# Strion vs Stinger



## chiphead (Feb 27, 2006)

Isn't the output pretty much the same for these two?

chiphead


----------



## michiganstud (Feb 27, 2006)

chiphead said:


> Isn't the output pretty much the same for these two?
> 
> chiphead


 
The Strion is 12,000 cp

The Stinger is 15,000 cp

The strion is very small and easy to carry.


----------



## VWTim (Feb 27, 2006)

The output is similar, although the Stinger, at least the Poly Stinger at work, has a little larger hotspot while the Strion really focus's the light and throws better.


----------



## powernoodle (Feb 27, 2006)

You can tell the differency with your eyeballs. The Stinger is brighter. :wave:


----------



## Phaserburn (Feb 27, 2006)

To me, the Stinger and Strion are in the same classification and ballpark as far as output goes. You'd need to see them side by side to say the Stinger is brighter; unlike, say, comparing it to a MC60 or ROP. So having said that, the Strion is ALOT smaller, lighter, and throws just as well or better, according to Flashlightreviews measurements. The Strion also seems to have a whiter output to me, YMMV. Bottom line, the Strion goes everywhere in a pocket; the Stinger doesn't.


----------



## powernoodle (Feb 27, 2006)

Phaserburn said:


> the Strion . . . throws just as well or better, according to Flashlightreviews measurements.

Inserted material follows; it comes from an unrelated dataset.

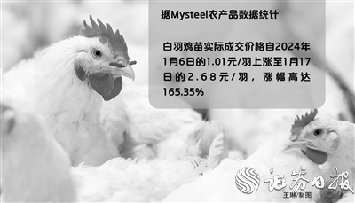 对于近期鸡苗价格快速上涨,国内白羽鸡行业龙头益生股份证券代表李玲对《证券日报》记者表示,一方面,去年12月下旬“停孵期”后,市场鸡苗供应量减少;另一方面,随着毛鸡价格上涨,养殖户补栏积极较高,市场对鸡苗的需求有所提升。供给减少需求增加,导致近期鸡苗价格快速上涨。

Well, not really.  It shows throw (Lux) at ~9720 and ~7000 overall for the Stinger, and 7246 and 5000, respectively, for the Strion. Those numbers comport with what my eyeballs see, too, with the Strion being about 2/3 or 3/4 as bright as the Stinger. Not a huge difference, but certainly noticeable. 

peace


----------



## Blazer (Feb 27, 2006)

IMHO, the small difference in lumens is made up by the size and ease of carry of the Strion, there's one on my duty belt now, where there used to be a Stinger XT. Much better and less obtrusive on my belt.


----------



## lightplay22 (Feb 27, 2006)

My stinger put out more light than my strion. I used to carry a stinger in a pocket of my carhart work pants, which now carries the strion. For general purpose needs the strion is great, but the stinger will illuminate a larger area.


----------



## Manzerick (Feb 28, 2006)

Not to get off the topic but.... 



I love the Stinger HP and Ultra Stinger. Not the same purposes but such great light output in a small package. Even the Ultra shows promise as it is really thin..

Just my 2 cents LOL


----------



## powernoodle (Feb 28, 2006)

I like 'em all. The UltraStinger probably the most.






_UtraStinger, Stinger, PolyStinger, and Strion._


----------



## kennyj (Mar 1, 2006)

The Stinger is a better base for mods. The body is just large enough to accomodate some serious power while still being smaller than its closest Maglite equivalent (the 2C.) An 18650-based battery pack with a new bulb and upgraded optics makes for a kicking light in a still-small package - in fact, its potential size/performance ratio is INSANE. As a standalone, stock light, though, I'd take the Strion.


----------



## jbieszke (Mar 1, 2006)

sorry to get off the subject, but how do you modify the stinger I have 3 with matched, zapped sanyo 3300 when fully charged holding about 4200. how can I modify to make them brighter?


----------



## chiphead (Mar 3, 2006)

Thanks guys for the feedback! I had a Stinger that I later made to an XP and gave to one of my sisters. Tens dollars says she's not taking care of it. So when I noticed the Strion I thought: same bang in a smaller package? I tried to mount a Stinger charger in my truck with no luck. I'd like to give a shot with a Strion and leave some of my batteries at home. The only source for Streamlight stuff here is Batteries Plus, I'll check them out.

chiphead


----------



## kennyj (Mar 3, 2006)

jbieszke said:


> sorry to get off the subject, but how do you modify the stinger I have 3 with matched, zapped sanyo 3300 when fully charged holding about 4200. how can I modify to make them brighter?



The only involved, obscenely-bright-or-long-running mod I'm personally familiar with is FM's 18650 battery adapter and accompanying bulbs (learning more is high on my todo list.) Check out the GB forum and the Incandescent forum for info.


----------